++++ Input ++++

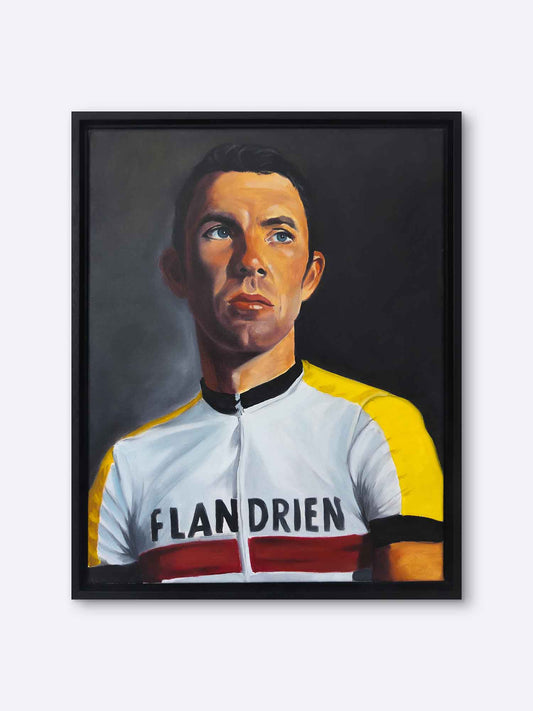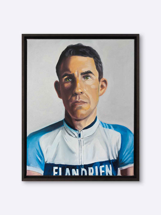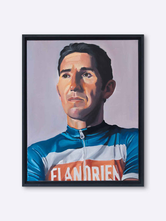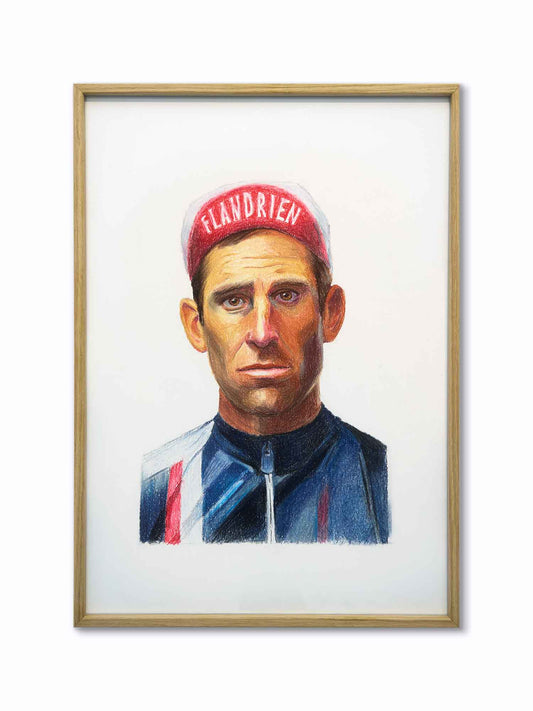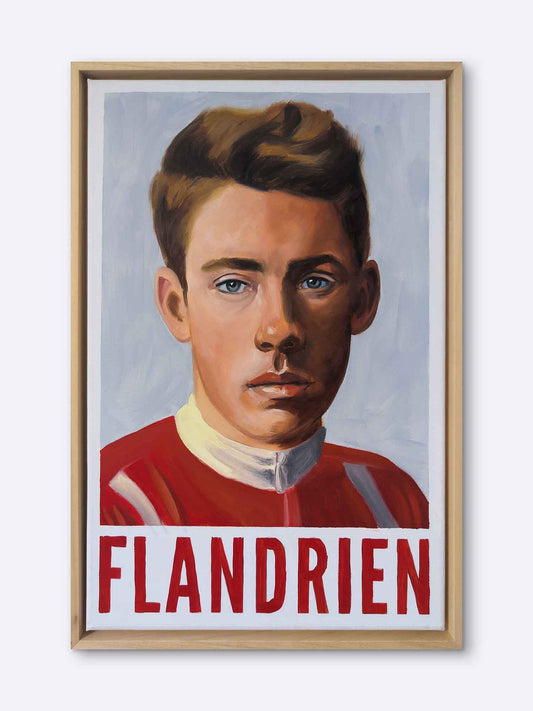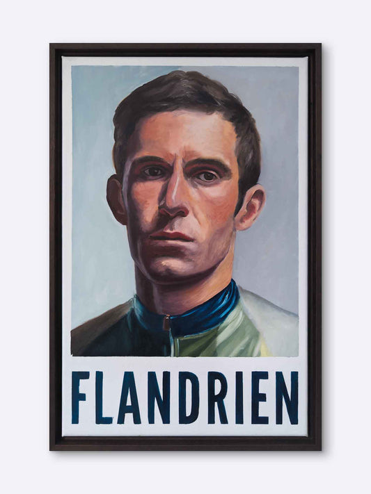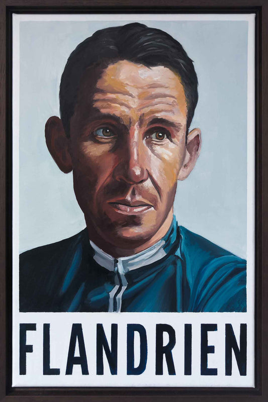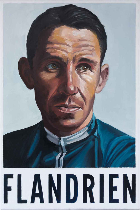 Louis Ingelaere's painting series "Flandriens," is a captivating exploration of the romanticized cycling culture in Flanders during the 1960s, 1970s, and 1980s. The series showcases portrait paintings and drawings of non-existing Flemish men who live to ride, but don’t ride to live.
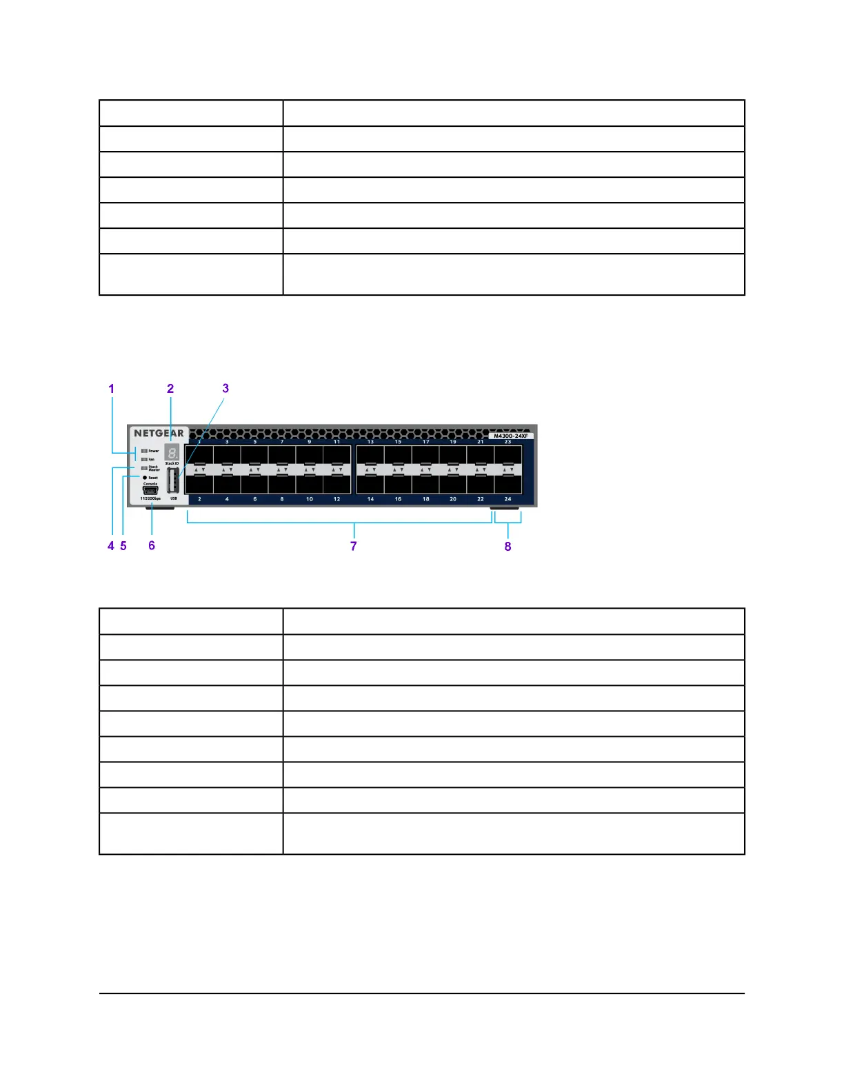 10GBASE-T RJ-45 combo ports (21, 22, 23, and 24), each with a port LED
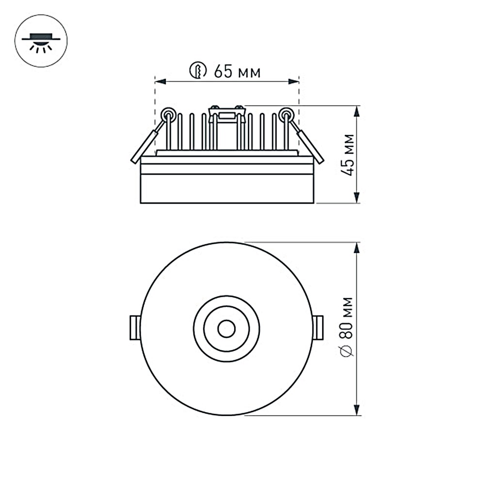 Монтажное отверстие, диаметр65 мм
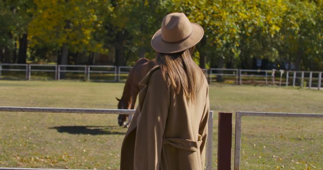young-caucasian-girl-in-elegant-coat-and-hat-walking-along-corral-with-graceful-brown–SBI-350651573
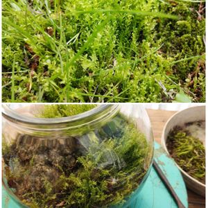 苔💛 うちから2.3分の所にゆるやかな坂道があり、 その近くのゴミステーションの周りに花を植えられていて、 車で通りすがりにしか見かけるだけなので、 昨日は、身近にどんなお花かと見に行きましたら、 坂道の斜面に生えているこの苔に出会いました(笑) 青々と透明感のあるすがすがしい姿がなんとも素敵💜💜💜 今回も苔テラリウムなるものをしてみました(笑)💛 AIに聞きましたら、コツボゴケ、ハリガネゴケ、ササオカゴケとでました💛

++++

_Task_.
Images are to be excluded, and each record above written out word for word.

_Reply_.
 Louis Ingelaere's painting series "Flandriens," is a captivating exploration of the romanticized cycling culture in Flanders during the 1960s, 1970s, and 1980s. The series showcases portrait paintings and drawings of non-existing Flemish men who live to ride, but don’t ride to live.
 10GBASE-T RJ-45 combo ports (21, 22, 23, and 24), each with a port LED
 Монтажное отверстие, диаметр65 мм
young-caucasian-girl-in-elegant-coat-and-hat-walking-along-corral-with-graceful-brown–SBI-350651573
 苔💛 うちから2.3分の所にゆるやかな坂道があり、 その近くのゴミステーションの周りに花を植えられていて、 車で通りすがりにしか見かけるだけなので、 昨日は、身近にどんなお花かと見に行きましたら、 坂道の斜面に生えているこの苔に出会いました(笑) 青々と透明感のあるすがすがしい姿がなんとも素敵💜💜💜 今回も苔テラリウムなるものをしてみました(笑)💛 AIに聞きましたら、コツボゴケ、ハリガネゴケ、ササオカゴケとでました💛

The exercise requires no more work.